Hume proceeds to tell us, that it was asserted this session, that the speaker might either admit or reject bills in the house; and remarks, that the very proposal of it is a proof at what a low ebb liberty was at that time in England. There cannot be a more complete mistake. No such assertion was made; but a member suggested that the speaker might, as the consuls in the Roman senate used, appoint the order in which bills should be read; at which speech, it is added, some hissed. D'Ewes, 677. The present regularity of parliamentary forms, so justly valued by the house, was yet unknown; and the members called confusedly for the business they wished to have brought forward.
[434] Parl.
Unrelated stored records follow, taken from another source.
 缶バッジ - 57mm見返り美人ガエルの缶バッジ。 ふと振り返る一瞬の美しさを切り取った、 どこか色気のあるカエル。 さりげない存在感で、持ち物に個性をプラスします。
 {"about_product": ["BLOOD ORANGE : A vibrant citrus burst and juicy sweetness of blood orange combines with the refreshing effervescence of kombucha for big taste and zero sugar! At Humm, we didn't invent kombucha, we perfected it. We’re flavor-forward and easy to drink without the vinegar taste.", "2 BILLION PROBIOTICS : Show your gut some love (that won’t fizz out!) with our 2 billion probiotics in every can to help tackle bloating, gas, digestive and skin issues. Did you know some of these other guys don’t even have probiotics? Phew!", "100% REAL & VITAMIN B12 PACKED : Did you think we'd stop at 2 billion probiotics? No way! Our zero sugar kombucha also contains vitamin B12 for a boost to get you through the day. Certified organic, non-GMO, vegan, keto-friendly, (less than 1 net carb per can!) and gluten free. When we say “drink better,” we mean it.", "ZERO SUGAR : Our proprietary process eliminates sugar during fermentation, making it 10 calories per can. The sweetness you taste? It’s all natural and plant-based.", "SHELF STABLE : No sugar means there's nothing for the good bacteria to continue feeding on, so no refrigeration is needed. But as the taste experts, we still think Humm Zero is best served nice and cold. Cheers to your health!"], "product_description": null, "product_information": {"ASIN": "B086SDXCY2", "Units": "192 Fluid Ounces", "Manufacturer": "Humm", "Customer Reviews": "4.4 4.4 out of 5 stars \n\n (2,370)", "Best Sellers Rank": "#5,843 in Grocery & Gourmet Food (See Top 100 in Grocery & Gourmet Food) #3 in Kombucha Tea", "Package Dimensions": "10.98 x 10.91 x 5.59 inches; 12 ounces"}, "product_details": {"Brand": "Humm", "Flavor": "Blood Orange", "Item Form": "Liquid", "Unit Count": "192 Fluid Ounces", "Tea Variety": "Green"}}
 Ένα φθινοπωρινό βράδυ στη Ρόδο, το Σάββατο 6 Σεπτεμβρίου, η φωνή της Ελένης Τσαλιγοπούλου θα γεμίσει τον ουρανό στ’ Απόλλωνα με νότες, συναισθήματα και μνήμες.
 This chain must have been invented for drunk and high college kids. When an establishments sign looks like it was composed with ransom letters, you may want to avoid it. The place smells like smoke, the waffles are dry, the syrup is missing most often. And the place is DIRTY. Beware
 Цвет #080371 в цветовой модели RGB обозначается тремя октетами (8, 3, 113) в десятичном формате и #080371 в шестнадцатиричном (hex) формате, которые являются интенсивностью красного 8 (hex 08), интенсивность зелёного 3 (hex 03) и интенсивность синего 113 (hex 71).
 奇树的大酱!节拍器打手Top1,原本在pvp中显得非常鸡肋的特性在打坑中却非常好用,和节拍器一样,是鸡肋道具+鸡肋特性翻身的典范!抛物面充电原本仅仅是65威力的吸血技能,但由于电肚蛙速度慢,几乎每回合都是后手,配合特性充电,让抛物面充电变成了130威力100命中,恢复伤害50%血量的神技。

Hist. 958. In the session of 1571, a committee was appointed to confer with the attorney and solicitor-general about the return of burgesses from nine places which had not been presented in the last parliament. But in the end it was "ordered, by Mr. Attorney's assent, that the burgesses shall remain according to their returns; for that the validity of the charters of their towns is elsewhere to be examined, if cause be." D'Ewes p. 156, 159.
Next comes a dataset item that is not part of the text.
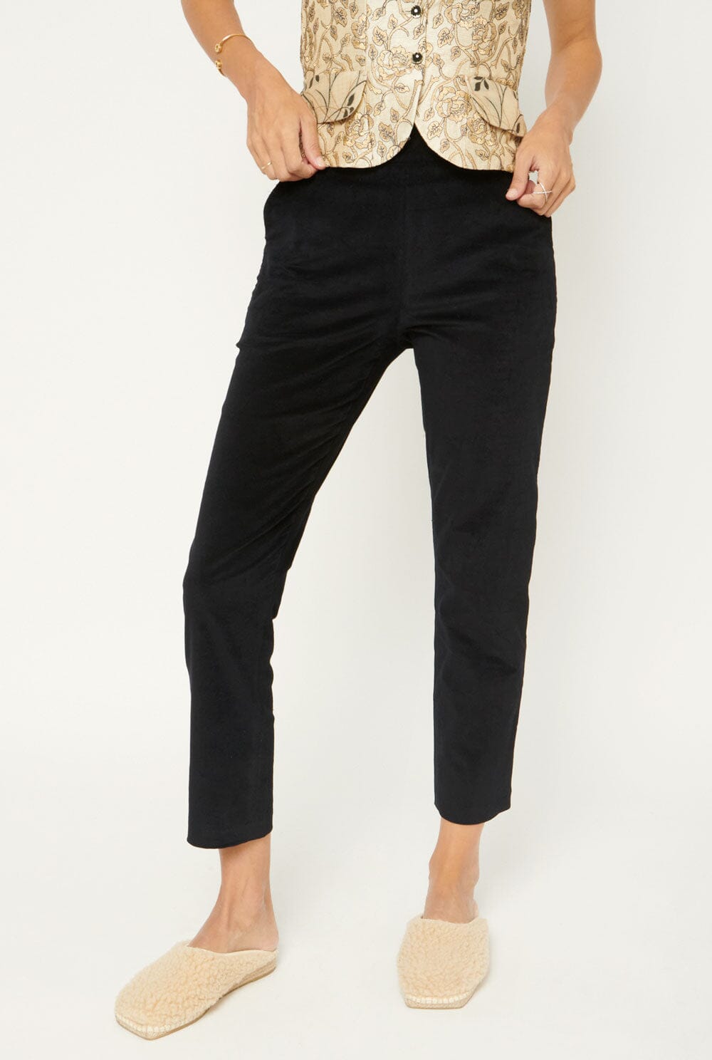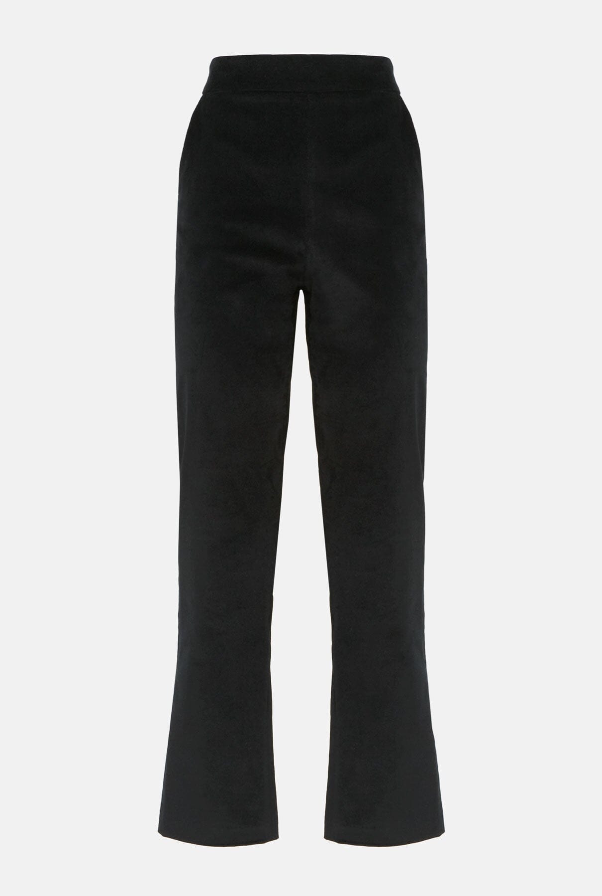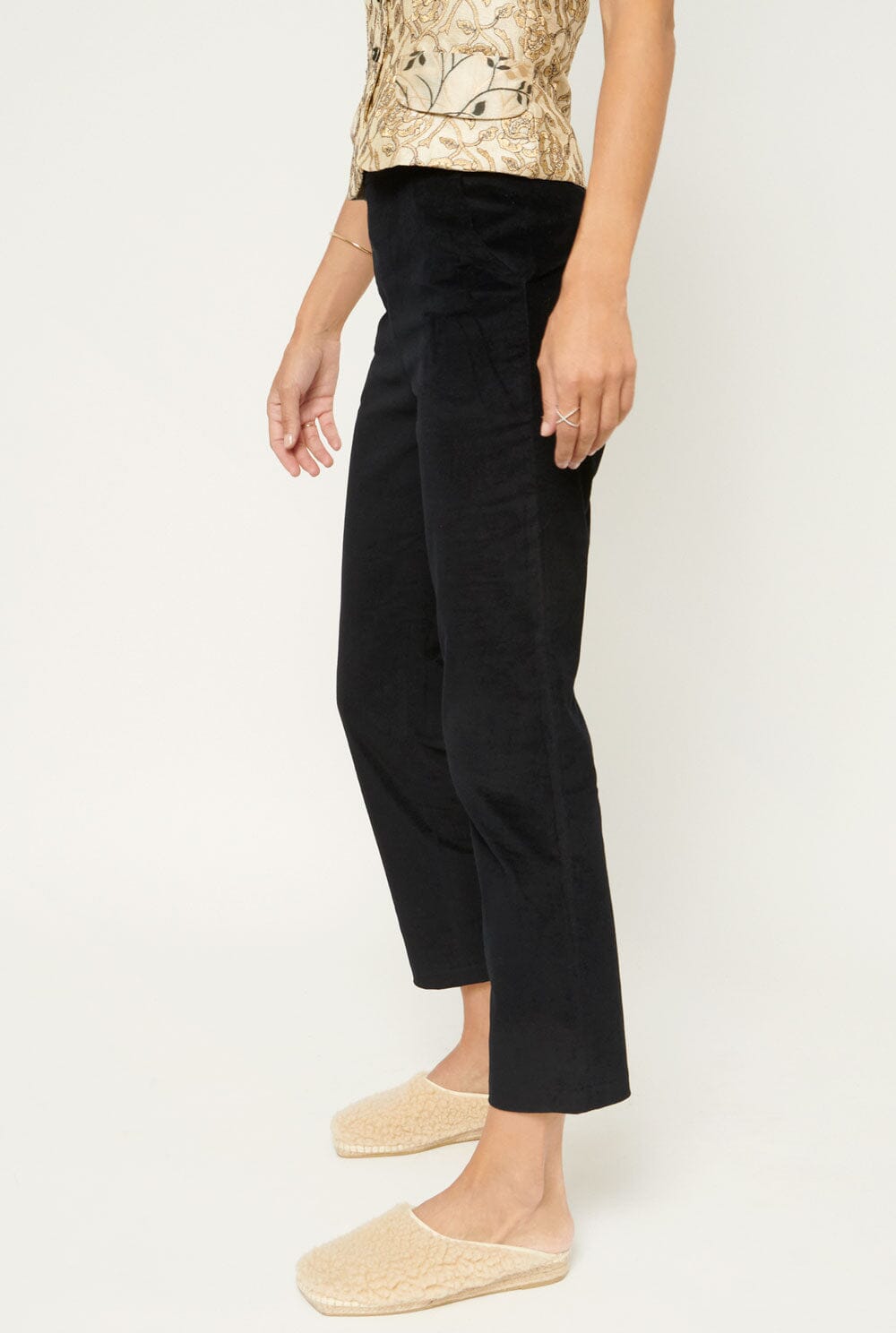 Pantalón de terciopelo negro con cierre de cremallera trasera.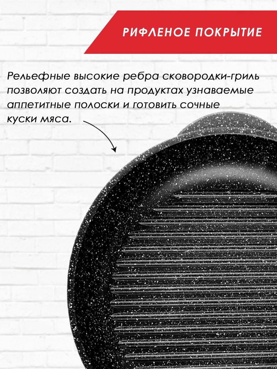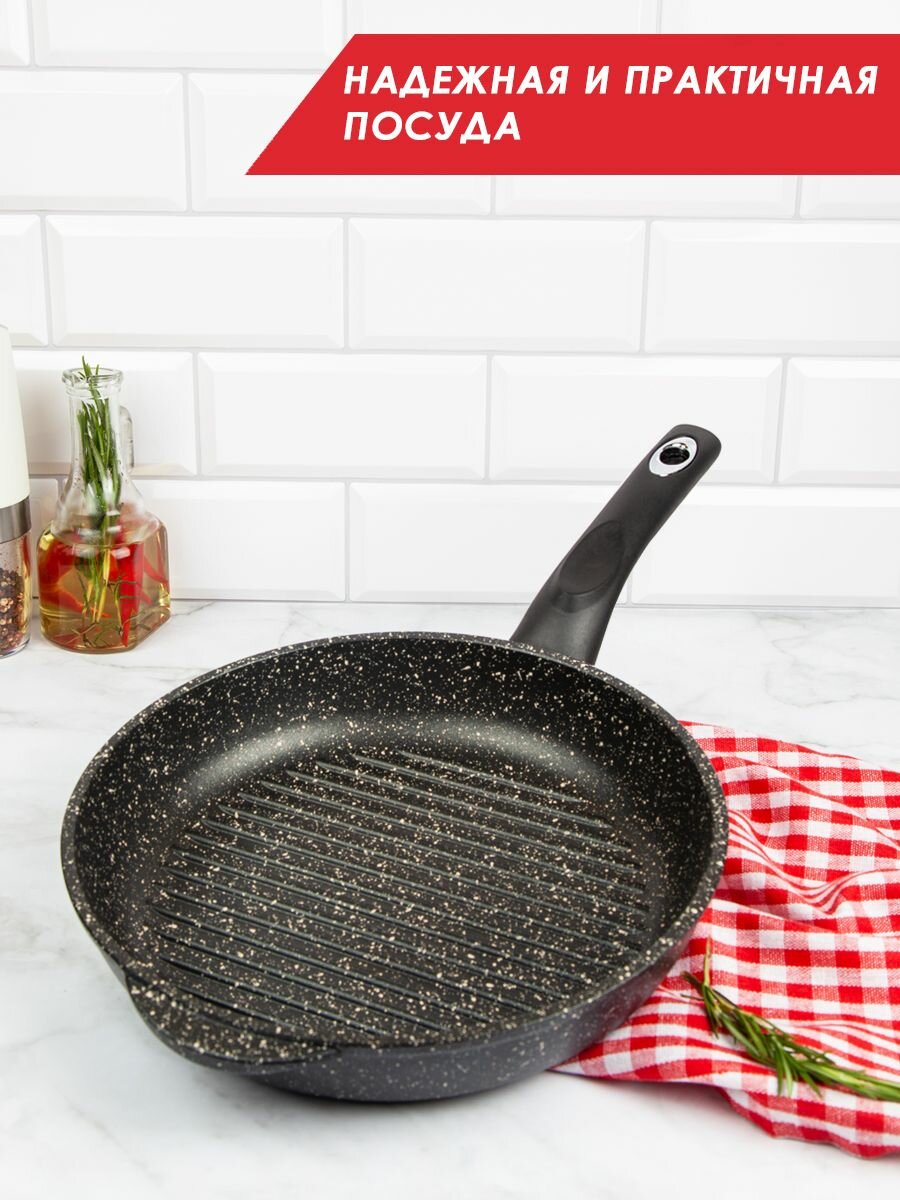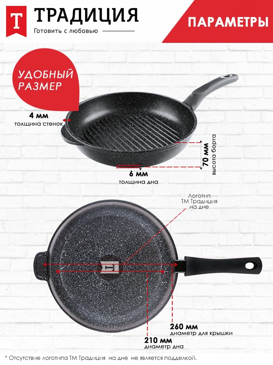 Сковорода-гриль а/пр литая 26см Гранит ТМ Традиция интересное:

D'Ewes observes that it was very common in former times, in order to avoid the charge of paying wages to their burgesses, that a borough which had fallen into poverty or decay, either got licence of the sovereign for the time being to be discharged from electing members, or discontinued it of themselves; but that of late the members for the most part bearing their own charges, many of those towns which had thus discontinued their privilege, renewed it both in Elizabeth's reign and that of James. P. 80. This could only have been, it is hardly necessary to say, by obtaining writs out of chancery for that purpose. As to the payment of wages, the words of D'Ewes intimate that it was not entirely disused. In the session of 1586, the borough of Grantham complained that Arthur Hall (whose name now appears for the last time) had sued them for wages due to him as their representative in the preceding parliament; alleging that, as well by reason of his negligent attendance and some other offences by him committed in some of its sessions, as of his promise not to require any such wages, they ought not to be charged; and a committee having been appointed to enquire into this, reported that they had requested Mr. Hall to remit his claim for wages, which he had freely done. D'Ewes, p. 417.